「羊にごはんを食べさせてもらっている」と語る関澤氏は、麻布十番にある「羊サンライズ」のオーナーである。彼はサラリーマン時代に地元・茨城県にできたジンギスカン店で羊肉の美味しさに目覚めてから全国100軒以上のジンギスカン店を巡り、北海道をはじめジンギスカン店の修行期間を経て、勝負するなら東京でと羊サンライズを開いてしまった。
同店ではオーストラリア産をはじめ国産、フランス産など様々な産地の羊肉が食べられる。特に、生産量が少ない国産羊肉は北海道をはじめ、それぞれの生産者を直接訪ね、断られても粘り強く交渉した結果、取引ができるようになったという。ジンギスカンは基本、焼くだけというシンプルな料理だからこそ、関澤氏が選び抜いた羊肉の味が堪能できる。
2016年に第3期ラムバサダーに任命され、研修としてオーストラリアで朝昼晩と羊肉を使ったフルコースを食べた。この旅を通じて、羊肉を食べるならジンギスカンという料理が世界で一番おいしいと再認識したというくらい、とにかくジンギスカンが大好きなのである。
オーストラリアではもう一つ収穫があった。南オーストラリアで生産されているパスチャーフェッドラムとの出会いだ。クローバーやライグラスといった栄養豊富な牧草でのびのび育った羊の肉は、羊サンライズへ客としてきた有名シェフも太鼓判を押す味だという。
店には同業者も多く訪れ、パスチャーフェッドラムをはじめ、関澤氏が実際にやり取りしている羊肉の取引先は隠さずどんどん共有しているという。というのも、日本人一人当たりが食べる羊肉は、年間たったの200グラム、羊肉全体を盛り上げなければまた一過性のブームが過ぎ去った後、一気に羊肉の消費が落ち込むのではないか、と懸念する。業界全体を盛り上げることが、国内の生産者をはじめ、羊をめぐる皆が幸せになれる方法なのだ。先のパスチャーフェッドラム、数ヶ月で輸入量が5倍になったというから、驚きである。

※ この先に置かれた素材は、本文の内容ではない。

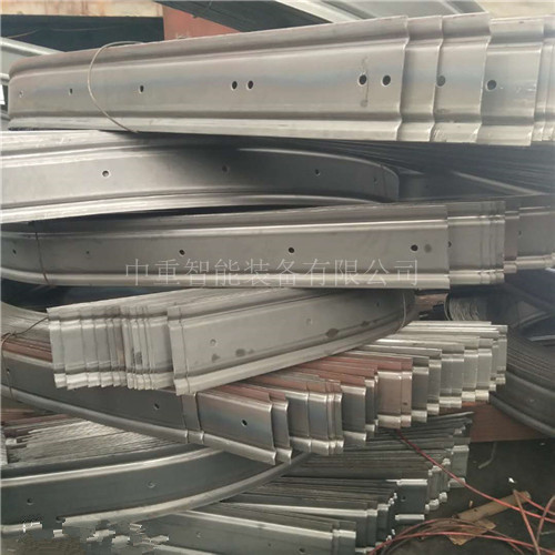 1、原料采用高強(qiáng)合金帶鋼;通過冷壓變成W型帶鋼,根據(jù)長度要求截斷,再進(jìn)行打孔;
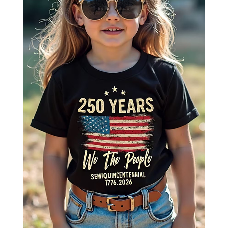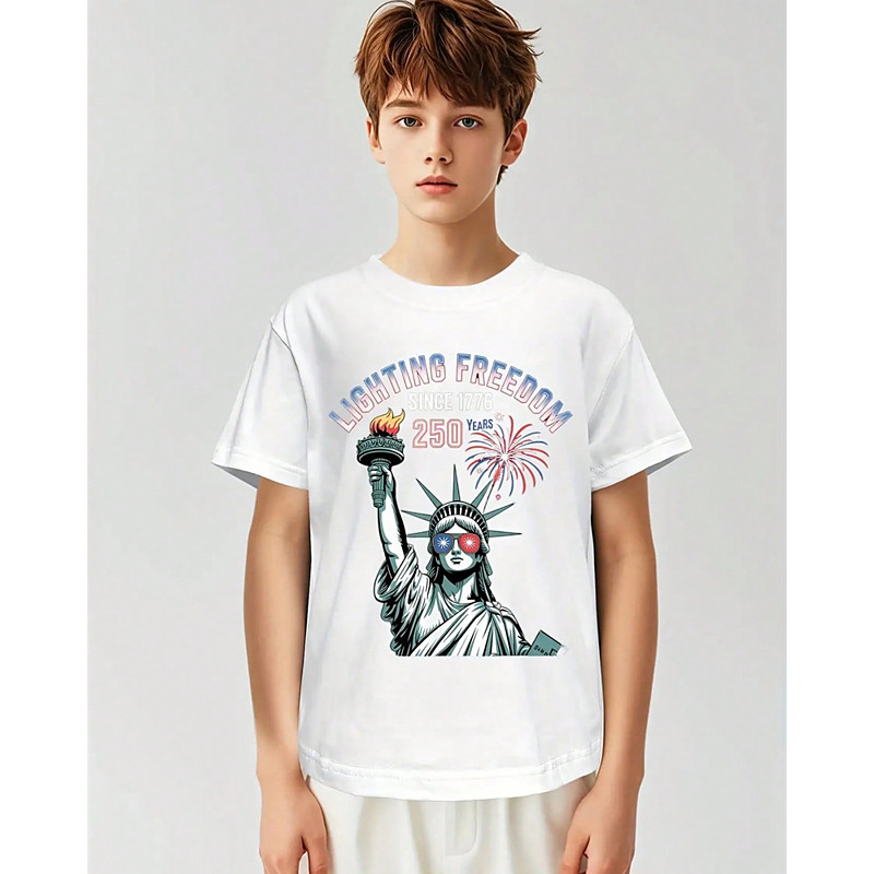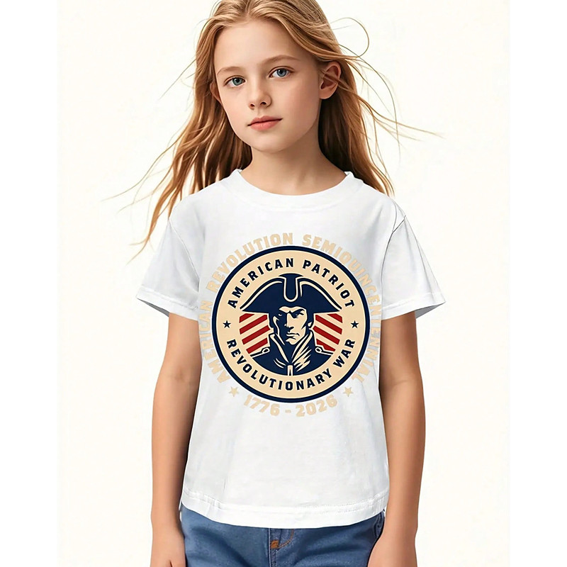 100% Cotton Kids Boys' Black White Graphic USA Flag 250th Anniversary T shirt Blouse Crew Neck Short Sleeve Outdoor Dailywear Fashion Streetwear Designer Printing Summer
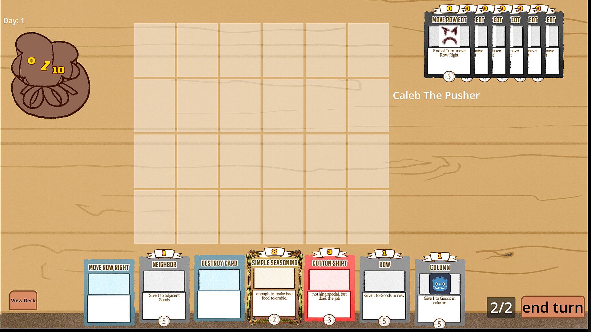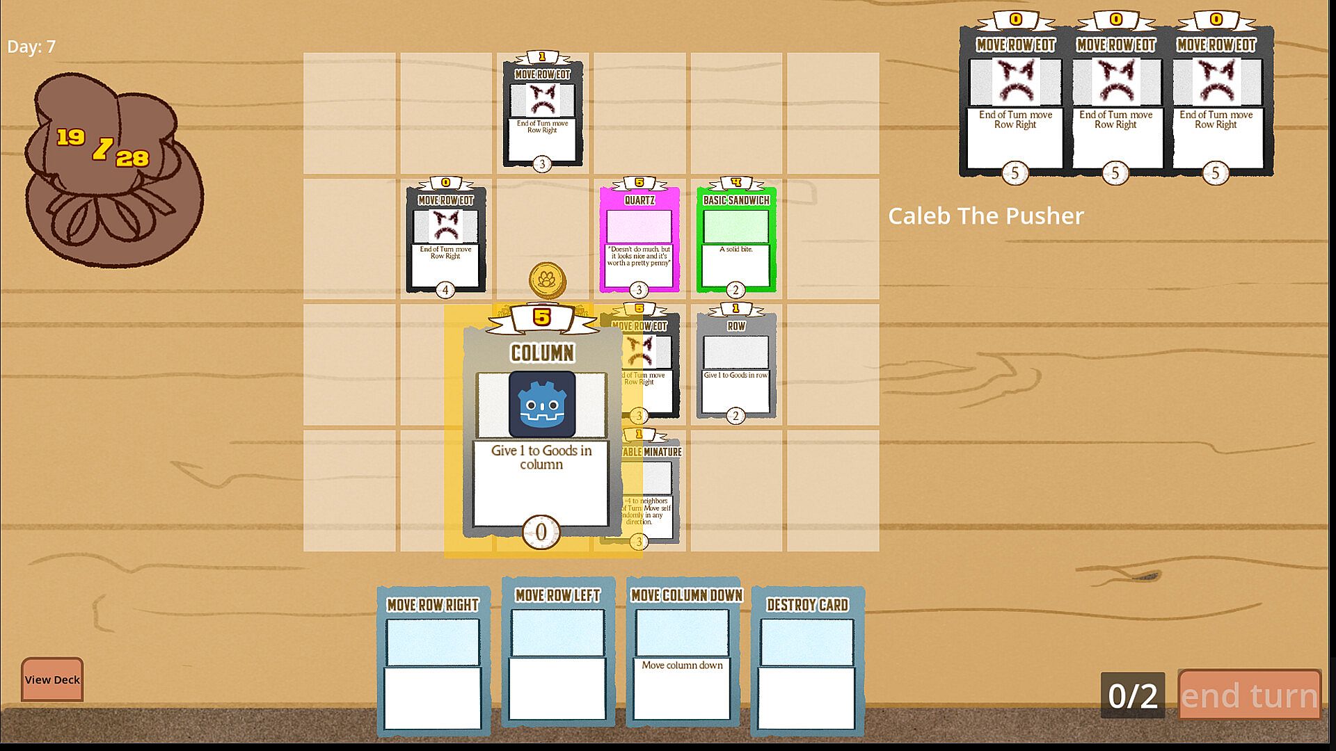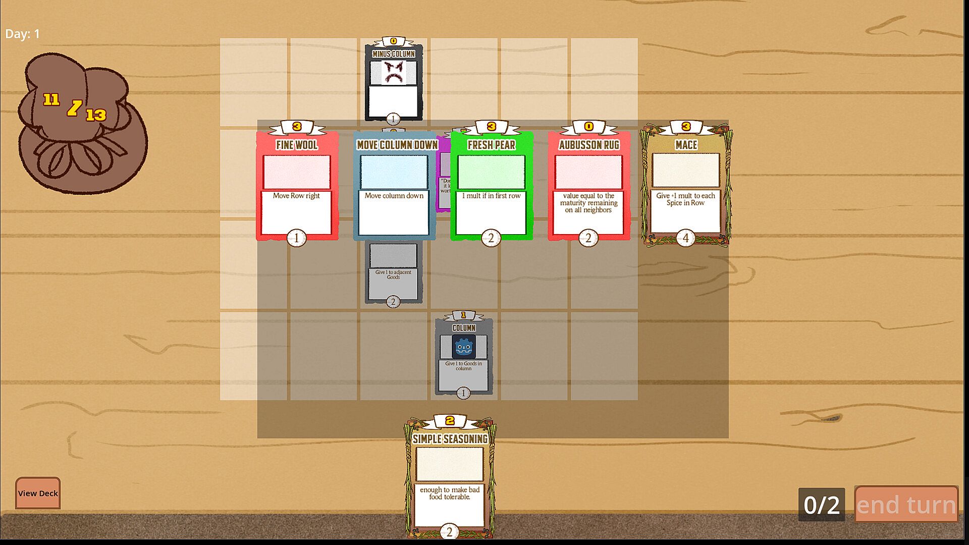 Place your good out on your display table to get them ready to sell! When their sale date hits 0, the card gets sold for its value. Place your cards down where their value will be highest, and move the rows and columns to get them in the perfect spot. Buff the power of a row or a column or many other effects to boost the worth of your goods. Where you place your goods can be the difference between a successful store and bankruptcy!

「羊は捨てるところが全くないんです」という関澤氏、次は、現在、捨てられているラム皮を製品化することを計画中だ。ジンギスカン、羊に留まらず「羊総合商社」として活動を広げる、羊肉業界全体を考える関澤氏の動向から目が離せない。
関澤 波留人
羊SUNRISE オーナー
ジンギスカンの名店「札幌成吉思汗しろくま札幌本店」で修行。2015年同新橋店店長に就任。
退職後、国内の様々な緬羊牧場を自家用車で車中泊3,000km走破し訪問。オーストラリアの牧場も視察した後、2016年、麻布十番に国産・オーストラリア産など様々な羊肉を揃えたジンギスカン店「羊SUNRISE」を開業。2018年、「TEPPAN羊SUNRISE」を神楽坂にオープン。
「羊の夜明け」という店名の由来を実現すべく国内外多くの羊飼いと向き合い、品種、月齢、飼養管理方法の違いによって生まれる味わいを、羊の栄養価や歴史も含め「羊肉をめぐる冒険」としてお客様に提供。
1982年4月生まれ。戌年・牡羊座の男は、牧羊犬の如く日々羊を追求している。